### Exercise brief:
Transcribe exactly the lines below that begin at the line with "labels. Before we" and stop after the line with "Die in den Wohnbereich", leaving out every picture.
━━━━━ Provided material ━━━━━
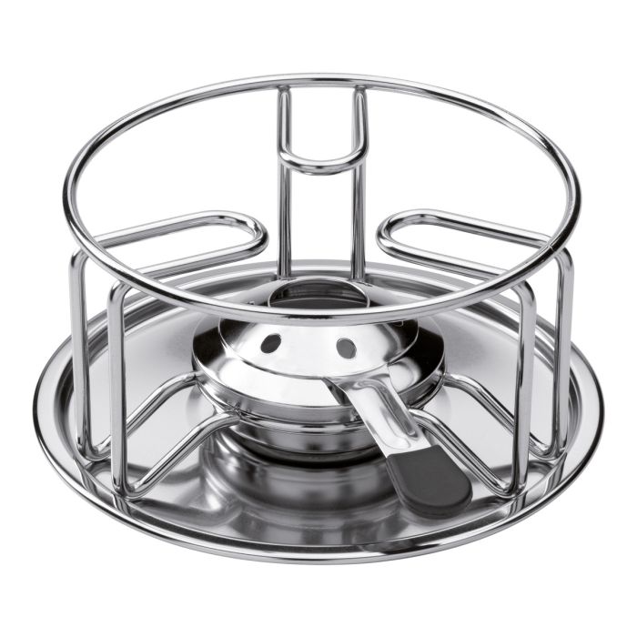 - Avec le caquelon/la marmite à fondue, le réchaud sert à préparer/garder au chaud les fondues au fromage et à la viande
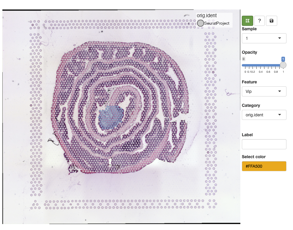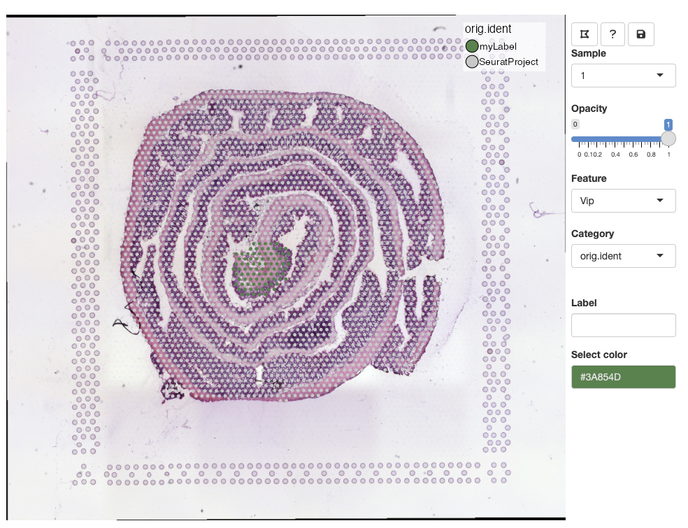 labels. Before we can add a new label, we need to select spots with the
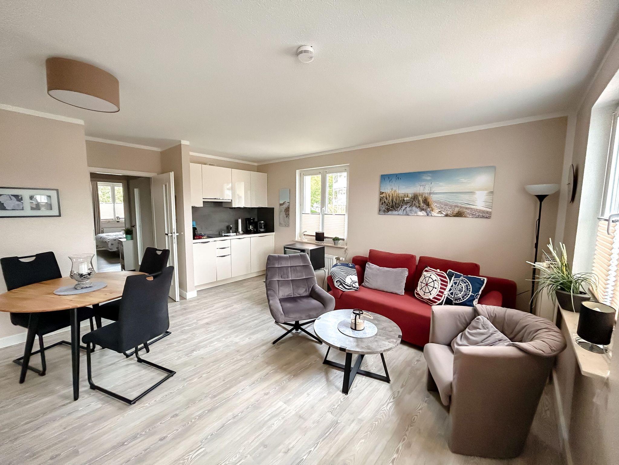 Die in den Wohnbereich integrierte Küchenzeile überzeugt mit ihrer umfangreichen Ausstattung, u.a. einem 2-Zonen-Ceranfeld, einer Spülmaschine, einem Kühlschrank mit Gefrierfach sowie einer Filterkaffeemaschine und einer Tassimo-Kapselmaschine. Selbstverständlich stehen Ihnen auch ein Wasserkocher, Eierkocher, ein Toaster sowie das nötige Küchenequipment für ein leckeres Frühstück oder warme Speisen zur Verfügung, sodass Sie sich bequem selbst versorgen können. Hierzu können Sie Ihr gemütliches Frühstück oder Abendessen wahlweise drinnen am Esstisch einnehmen oder Sie genießen bei schönem Wetter draußen auf dem möblierten Balkon die frische Ostseeluft.
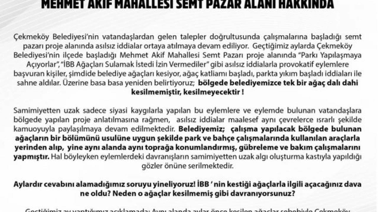 Çekmeköy Belediyesi tarafından yapımına başlanan Mehmet Akif Mahallesi Semt Pazarı’nda yapılan çalışmalarla ilgili “Belediye ağaçları kesiyor, ağaç katliamı başladı” gibi iddialara ilişkin basın açıklaması yapıldı. Açıklamada, “Çekmeköy Belediyesinin vatandaşlardan gelen talepler doğrultusunda çalışmalarına başladığı semt pazarı proje alanında asılsız iddialar ortaya atılmaya devam ediliyor. Geçtiğimiz aylarda Çekmeköy Belediyesi’nin ilçede başladığı Mehmet Akif Mahallesi Semt Pazarı proje alanında ’Parkı Yapılaşmaya Açıyorlar’, ’İBB Ağaçları Sulamak İstedi İzin Vermediler’ gibi asılsız iddialarla provokatif eylemlere başvuran kişiler, şimdide belediye ağaçları kesiyor, ağaç katliamı başladı, parkta yıkım başladı iddiaları ile sahne aldılar. Üzerine basa basa yeniden belirtiyoruz; bölgede belediyemizce tek bir ağaç dalı dahi kesilmemiştir, kesilmeyecektir!” ifadelerine yer verildi.
━━━━━
### Your solution:
 labels. Before we can add a new label, we need to select spots with the
 Die in den Wohnbereich integrierte Küchenzeile überzeugt mit ihrer umfangreichen Ausstattung, u.a. einem 2-Zonen-Ceranfeld, einer Spülmaschine, einem Kühlschrank mit Gefrierfach sowie einer Filterkaffeemaschine und einer Tassimo-Kapselmaschine. Selbstverständlich stehen Ihnen auch ein Wasserkocher, Eierkocher, ein Toaster sowie das nötige Küchenequipment für ein leckeres Frühstück oder warme Speisen zur Verfügung, sodass Sie sich bequem selbst versorgen können. Hierzu können Sie Ihr gemütliches Frühstück oder Abendessen wahlweise drinnen am Esstisch einnehmen oder Sie genießen bei schönem Wetter draußen auf dem möblierten Balkon die frische Ostseeluft.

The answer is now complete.